Basketball was one of six Harvard teams that ranked below the national average for their sports among private schools, according to the reports. The others that scored below the average of their peers were men’s skiing, tennis, and wrestling, and women’s skiing and tennis. The Harvard Crimson student newspaper previously reported on the rates.


Eligibility Risks
The NCAA’s academic progress rate monitors athletes’ eligibility for sports teams to determine whether schools can continue participating in sanctioned activities and events. The progress rating system’s purpose is aimed at ensuring that student-athletes stay on pace to graduate, and schools get points for players who maintain their qualifications for sports.


Schools whose ratings drop below certain levels may be subject to limited practices, reduced schedules, and other penalties including coaching suspensions.


The Harvard basketball team’s score for 2011-2012 alone was 925, which might put its NCAA eligibility at risk, according to the athletic association. Currently, teams must keep their four-year average above 900 or their average for the most recent two years above 930 to remain eligible, according to the athletic association.

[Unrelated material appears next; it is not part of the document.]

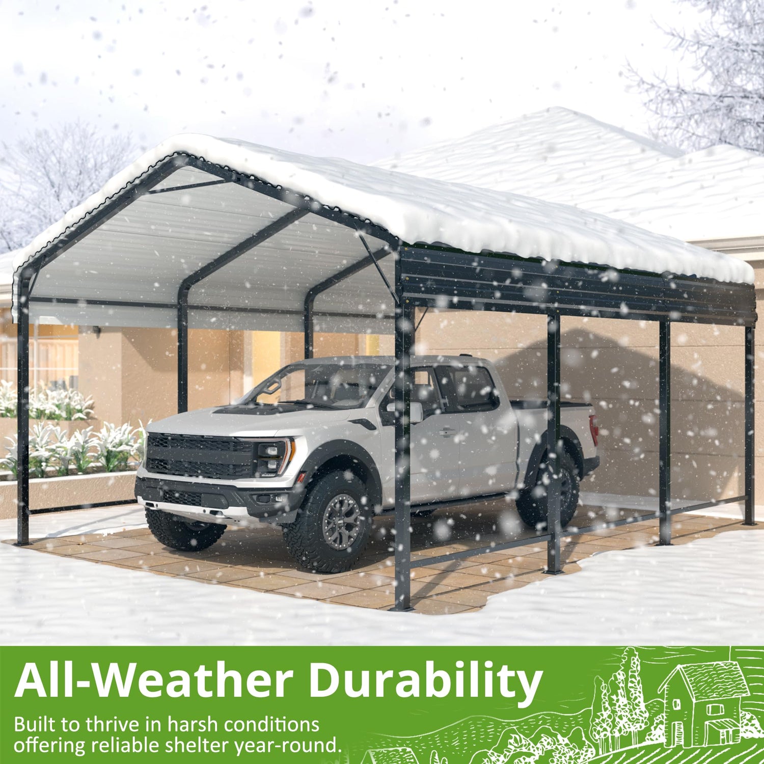 - [Durable Structural Support] AIRWIRE heavy-duty metal carport is the ultimate solution for protecting your vehicles, boats, and various equipment. The frame is constructed from high-quality square steel tubing, meticulously reinforced at 11 key locations, ensuring unrivaled strength and resilience. With its superior structural integrity, this carport is built to withstand diverse climatic conditions.

However, the eligibility limit for four-year scores will increase to 930 next year.


Columbia University’s team had the Ivy League’s second-lowest four-year rate for basketball at 981, and Cornell University in Ithaca, New York, led with a perfect four-year average of 1,000.


Cheating Scandal
Harvard has calculated that its basketball team will receive a perfect or near-perfect APR for the current academic year, Williamson said.


“This strong score will reaffirm the program’s continued commitment to academic achievement and ensure the team’s continued postseason eligibility,” he said in the statement.


A cheating scandal at Harvard that began last year may have played a role in the downturn in progress rates. About 125 undergraduates came under suspicion when teachers reported finding evidence of inappropriate collaboration on a take-home exam for a government course.


About half of those involved withdrew from school for as long as a year, including basketball co-captains Brandyn Curry and Kyle Casey, who took the 2012-2013 year off. Players who take a year off may affect a team’s academic-progress rate, said Stacey Osburn, an NCAA spokeswoman.


Basketball teams are relatively small, and just a few dropouts can skew their APR scores, said Nathan Tublitz, vice-chair of the Coalition on Intercollegiate Athletics, a teachers’ group dedicated to reforming college sports.


‘Individual Explanations’
“If it’s just one or two students dropping out, there may be individual explanations,” said Tublitz, who is also a biology professor at the University of Oregon. “But if students were taking courses that were deemed easy to pad their GPAs or maintain eligibility, then shame on Harvard.”


Harvard’s graduation success rate, which the NCAA also tracks for eligibility for participating in tournaments, was 100 percent for the basketball team in 2011-2012, according to the NCAA.


Harvard’s basketball team gained its third consecutive championship in the eight-college Ivy League in the 2012-2013 season with 20 wins and 10 losses. In the NCAA national tournament, the Crimson, seeded 14th in their bracket, beat No. 3 New Mexico State in their first game, losing in the next round to the University of Arizona.


CBS Sports.com ranked Harvard 21st among college basketball teams in its April preseason predictions for the 2013-2014 season. The university has announced plans to build a new basketball arena in Allston, across the Charles River from the main campus in Cambridge.


Established in 1636 and with an endowment valued at $30.7 billion, Harvard is the oldest and richest U.S. university. Alumni of the college include Federal Reserve Chairman Ben S. Bernanke and Goldman Sachs Group Inc. Chief Executive Officer Lloyd Blankfein.